Cross Plot
The
Cross Plot item shows a scatter plot between any pair of variables among the selected ones (or their Log10 transformation if the option Use log10 scale is activated), that is the representation of two variables in a X-Y diagram. Each sample, where both variables are defined is represented by a symbol whose coordinates correspond to the values of each variable. The two variables of the pair do not play a symmetrical role. The target variable (Y) is displayed along the vertical axis, whereas the horizontal axis corresponds to the conditioning variable (X).
-
The Swap variables option allows interchanging target and conditioning variables.
Note: The experimental conditional expectation curve and the regression line are different when inverting the target and the conditioning variables.
-
Use log10 scale to apply a log10 transformation on the associated variable. Remember that the logarithmic scale can only display variable with positive values. When the option is activated, samples associated with negative values are discarded.
Note: When the option is activated, the correlation coefficient which is displayed is the one calculated thanks to the transformed variable.
- Use same bounds on both axes to have the same graduation following the X and Y axes. This option is useful when comparing two variables of the same nature.

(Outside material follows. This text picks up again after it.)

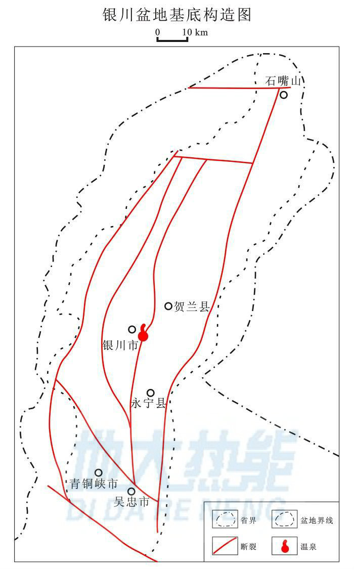 圖3 寧夏銀川御泉灣溫泉區(qū)域基地構(gòu)造圖
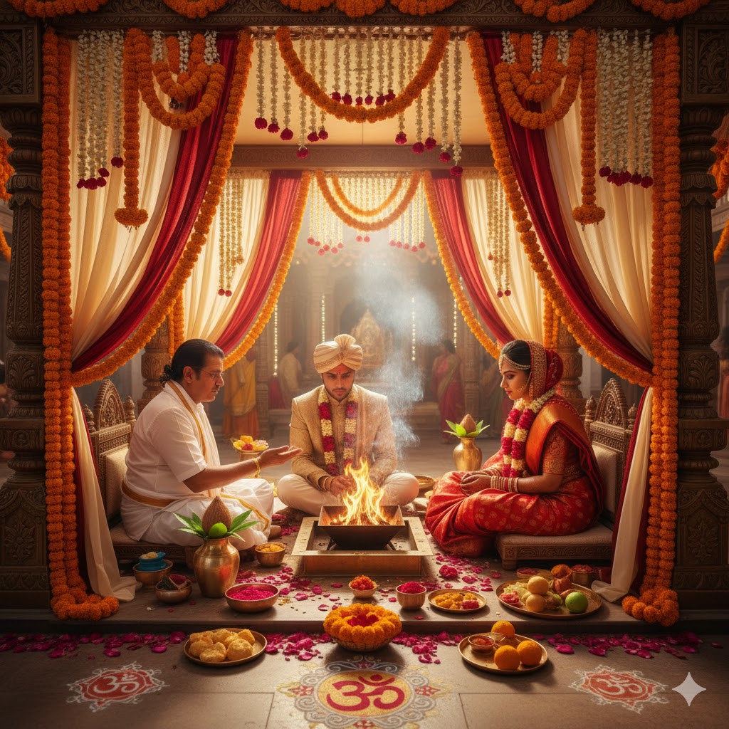 Symbolizes the sacred union of two souls.Aligns the couple’s journey with dharma and karma.Invokes deities like Lord Vishnu, Goddess Lakshmi, and Lord Ganesha.Ensures love, prosperity, and protection from negativity.

This item also calculates:
- If several variables are defined, the correlation matrix summarizing the correlations between each pair of variables is added. By default, the Linear correlation is calculated. This coefficient (Pearson correlation coefficient) measures the linear correlation ρ between two sets of data. Choosing the Rank correlation option allows you to also calculate and display the Spearman rank correlation coefficient rs. It assesses how well the relationship between two variables can be described using a monotonic function. The Spearman correlation coefficient is of particular interest when the relationship of the two studied variables is not linear. Be careful that this calculation requires the whole variables in memory.
-
The program allows two different types of representation, the classical one (by default) draws a point each time the two variables are informed. The second one (Display as image) uses a discretization of the graphic in cells, each cell being colored according to the number of pairs falling inside this cell. This representation is particularly useful when the number of samples is very large.
Note: If a weight variable is used in the calculations, this is the sum of the weights falling inside a cell which is represented.
- The Linear regression line between the target variable and the conditioning variable (Y|X). The equation of the regression line is printed in the description of the reported graphic.
- The First bisector line. This option is useful for two variables of the same nature if you want to analyze where they differ (for example, an estimated value versus the corresponding true value).
- The experimental Conditional expectation curve which plots the points representing the mean value of the target variable calculated for several ranges of the conditioning variable.
- The Standard deviation around the expectation curve which plots two additional curves which correspond to the expectation curve plus or minus the standard deviation calculated on the points of each class.